1) Dichiarando che tutte le some o cariche contenuti in detta tavola dei Capitoli se passaranno li lochi in strada senza accordarsi alla Gabella ipso facto si intendano esser in frodo. (accordarsi in Gabella voleva dire pagare la gabella !)
2.) Chi venisse per la Strada Romana e andasse verso Acquapendente passata la sudetta Osteria al Borgo e né abbia accordato in gabella, se in strada sarà frodo.
3.) Et andando verso Bolseno ai passaggi S.Bastiano ***senza accordarsi in gabella se in strada sarà in frodo.( S.Bastiano era , ed è ancora, chiamata la contrada appena a destra del Ponte del Paese Vecchio, quello che prima si chiamava Ponte dell’Ospedale, andando in direzione di .Bolsena)
4.) E chi venisse per il pian del Lago e andasse verso Bolseno e passasse il nostro Fiume senza accordarsi in gabella se in strada esser di frodo. ( questa disposizione fu sempre malvista dai Gradolesi e dai Grottani, abituali frequentatori della Via Romana. Alla fine, per loro, fu tolta.)
5) E chi andasse verso le Grotte, o, Gradoli per il pian del Lago e passasse il detto Fiume senza accordarsi in gabella se in strada esser di frodo e perda la metà della robba e sia un tertio del Giudice, un tertio del Gabelliere l’altro alla Comunità.
6) E chi andasse per la carrara tanto in la come in qua passata la strada di Acquapendente e non abbia accordato la gabella si ritenda esser in frodo.( le “ carrare “ erano le strade secondarie carrabili)
7) E chi venisse per la valle di Balduccio tanto all’andar quanto al tornar et no abbia accordato la gabella prima e passi la via d’andar al Lagaccione se in strada esser in frodo. ( la “via d’andar al Lagaccione” cominciava appena prima del ponte del Paese Vecchio, venendo da Bolsena, ed era pure chiamata lo Stradone d’Orvieto.
8)..li frodi siano applicati per un terzo alla Corte e il restante ai Gabellarij…..e il Compratore del Passaggio sia obbligato pagare alla Comunità o suoi Camerlenghi ( Tesorieri del comune)…di mese in mese e ogni volta che occorrerà.

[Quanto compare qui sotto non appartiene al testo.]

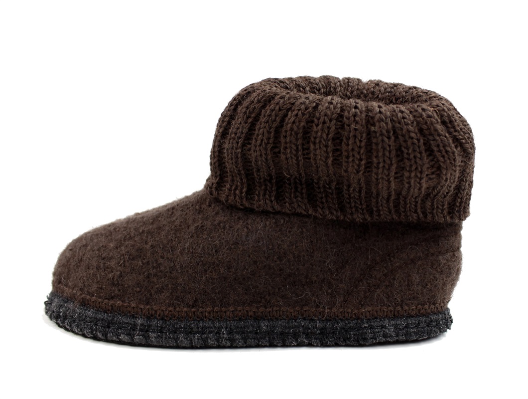 Uldfilthjemmesko fra Huttelihut i farven coffee bean.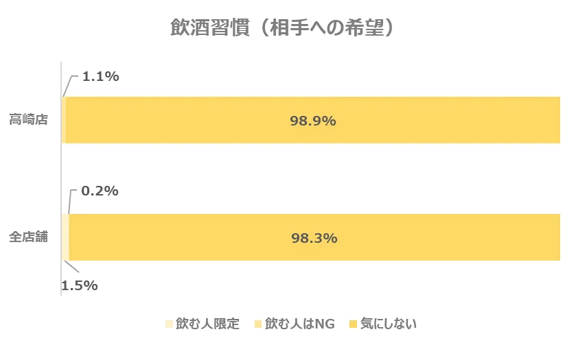 お相手に求める飲酒の習慣についてのデータをみてみると、高崎店では「飲む人はNG(1.1%)」「気にしない(98.9%)」となりました。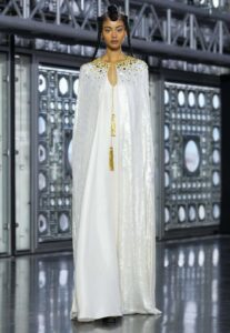 “Les Cieux” stands as a testament to Maison Sara Chraibi’s ability to create couture that is both rooted in tradition and forward-looking, offering a refreshing vision of elegance for the Spring/Summer 2025 season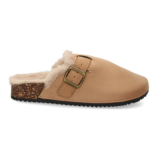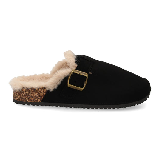 Zueco tipo sabot para mujer con punta cerrad interior forrado de borreguit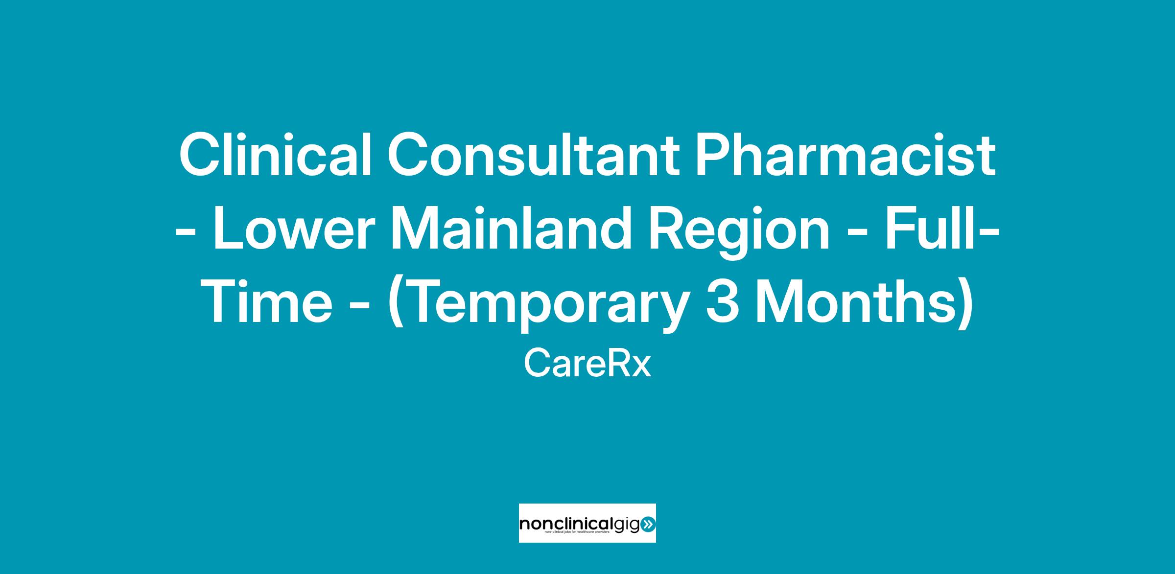 The Clinical Consultant Pharmacist works in partnership with the clinical team, operations, home partners, and other departments in the CareRx organization. This position is Full-Time and is located in the Lower Mainland region of BC. This position is a 3-month role to cover from October to end of December 2025. The Clinical Consultant Pharmacist is responsible for completing clinical pharmacy activities in alignment with the Residential Care Regulations, Community Care & Assisted Living Act, site policies, and internal CareRx policies.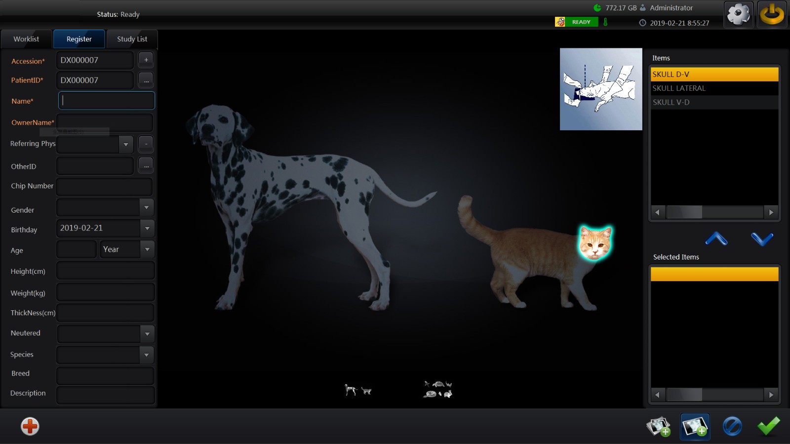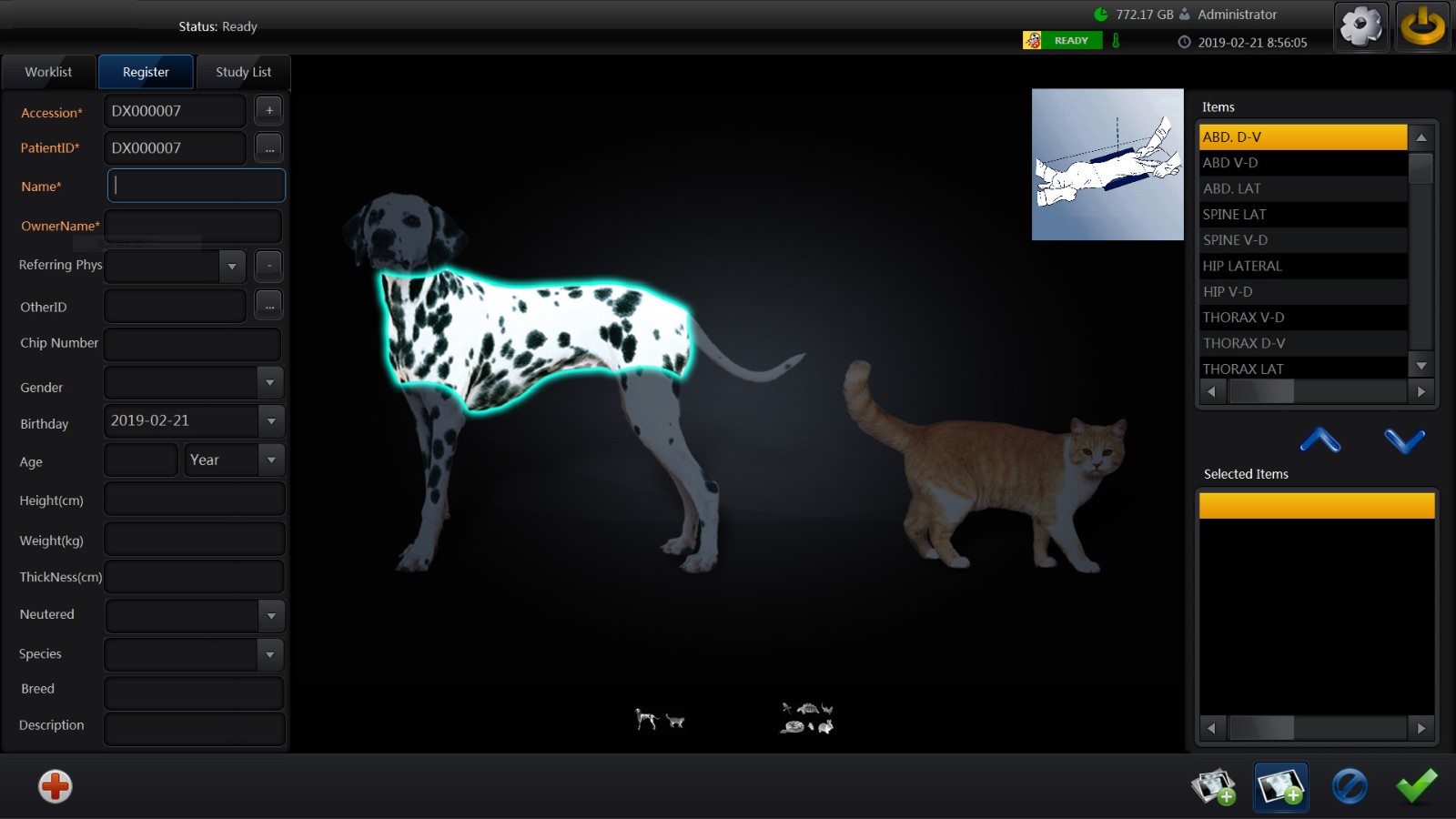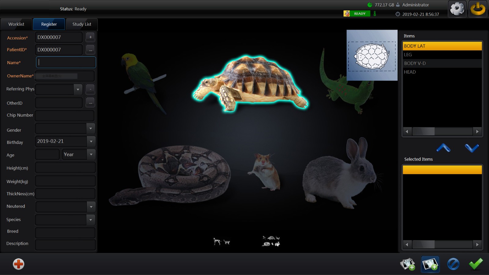 Management: DR system to manage animals and image information

9)E chi passasse con Panni Usi non sia tenuto in gabella. ( c’era pure un commercio di vestiario usato)

La Gabella del Passo, usata fin dal Medioevo, continuò ad essere applicata fino alla fine del Settecento: con la Restaurazione del Governo Pontificio dopo la parentesi dell’amministrazione napoleonica non se ne trova più traccia.